++++ Information supplied

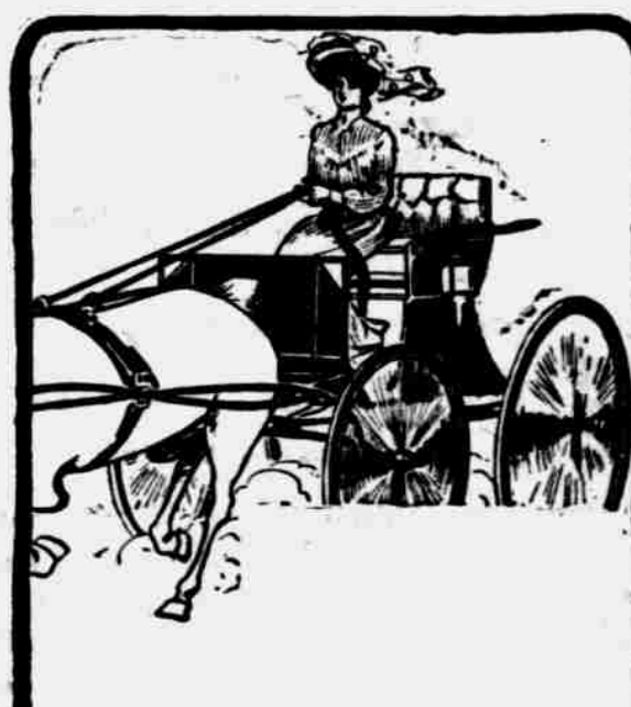
1905 Styles now ready.

Open every evening until 9, Saturdays until 10. Both phones
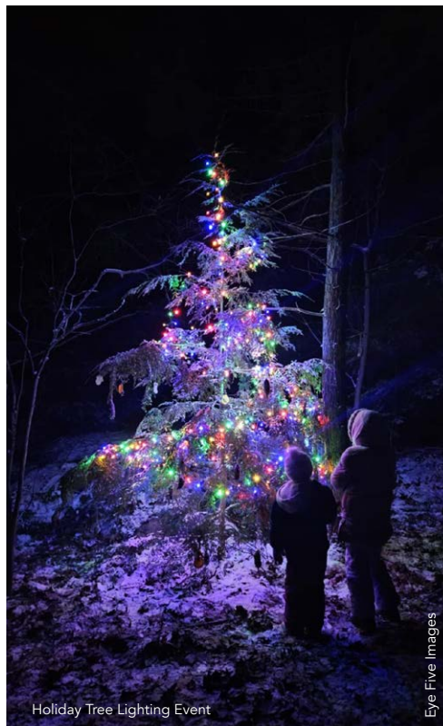
Holiday Tree Lighting Event

Business-community partnerships are critical to achieving a quality of life that encourages collective involvement in building a better environmental society. Like most land trusts, we are a nonprofit organization. Our projects, programs, and initiatives rely on the financial support of others, and local businesses provide the much-needed funding to sustain our mission and continue offering our services to everyone—now and into the future.
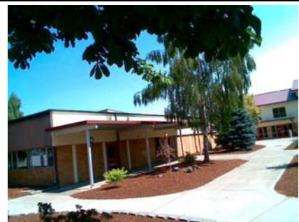
SW General Site
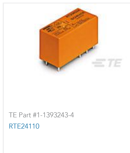
TE Part #1-1393243-4 RTE24110
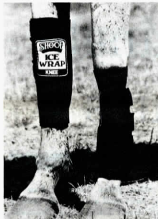
New leg wrap contains a liquid that can be chilled or heated.

The Ice Wrap comes in four different sizes for specific area use — wraps for shins, tendons, knees and hocks are all available in both left and
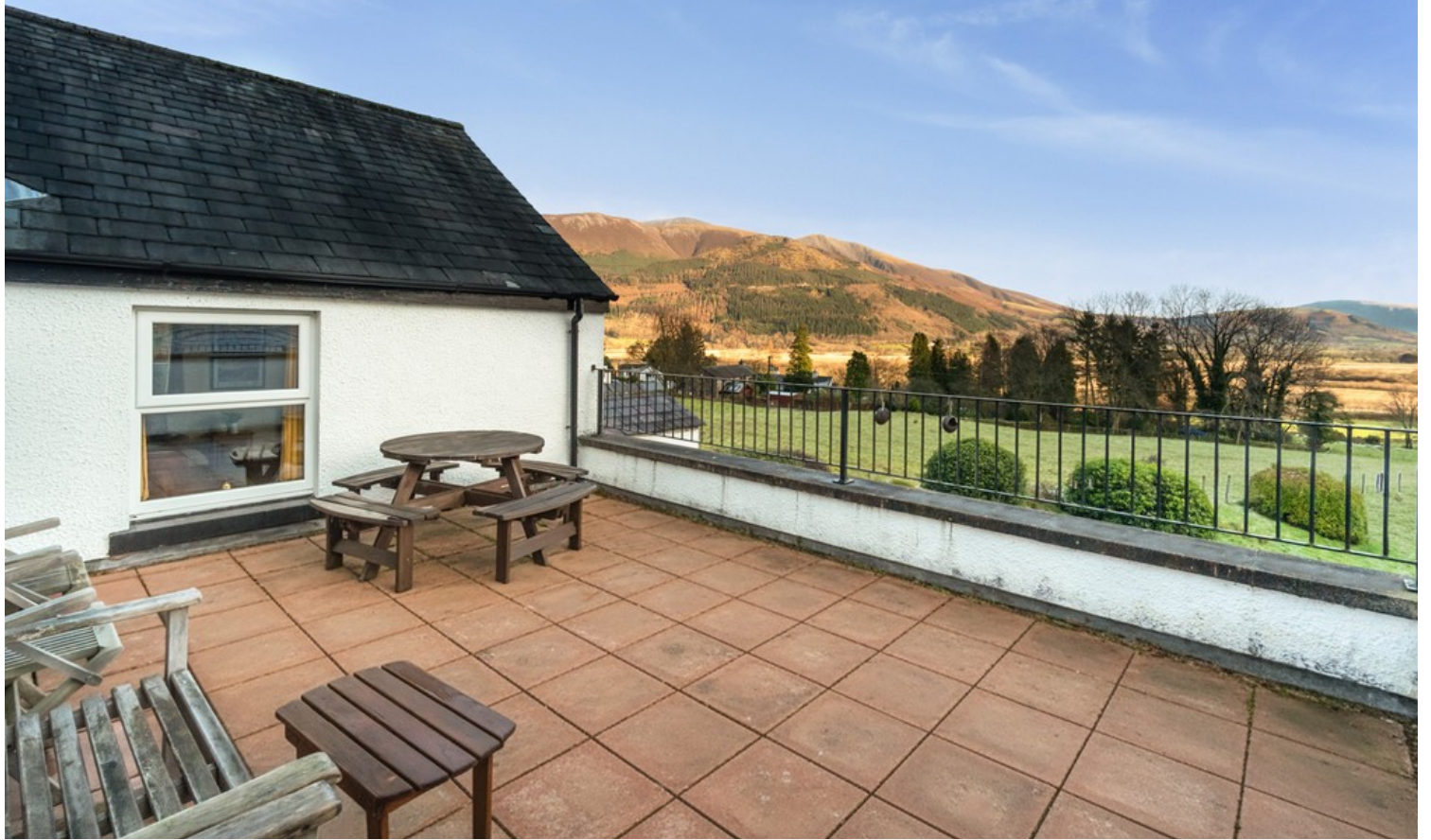
Balcony / Terrace

++++++++

* **Directions for this task**
Because the copy must hold no pictures, return only the lines that run from the line containing "The Ice Wrap" to the end of the data above, each exactly as it stands.

* **Solution for this task**
The Ice Wrap comes in four different sizes for specific area use — wraps for shins, tendons, knees and hocks are all available in both left and
Balcony / Terrace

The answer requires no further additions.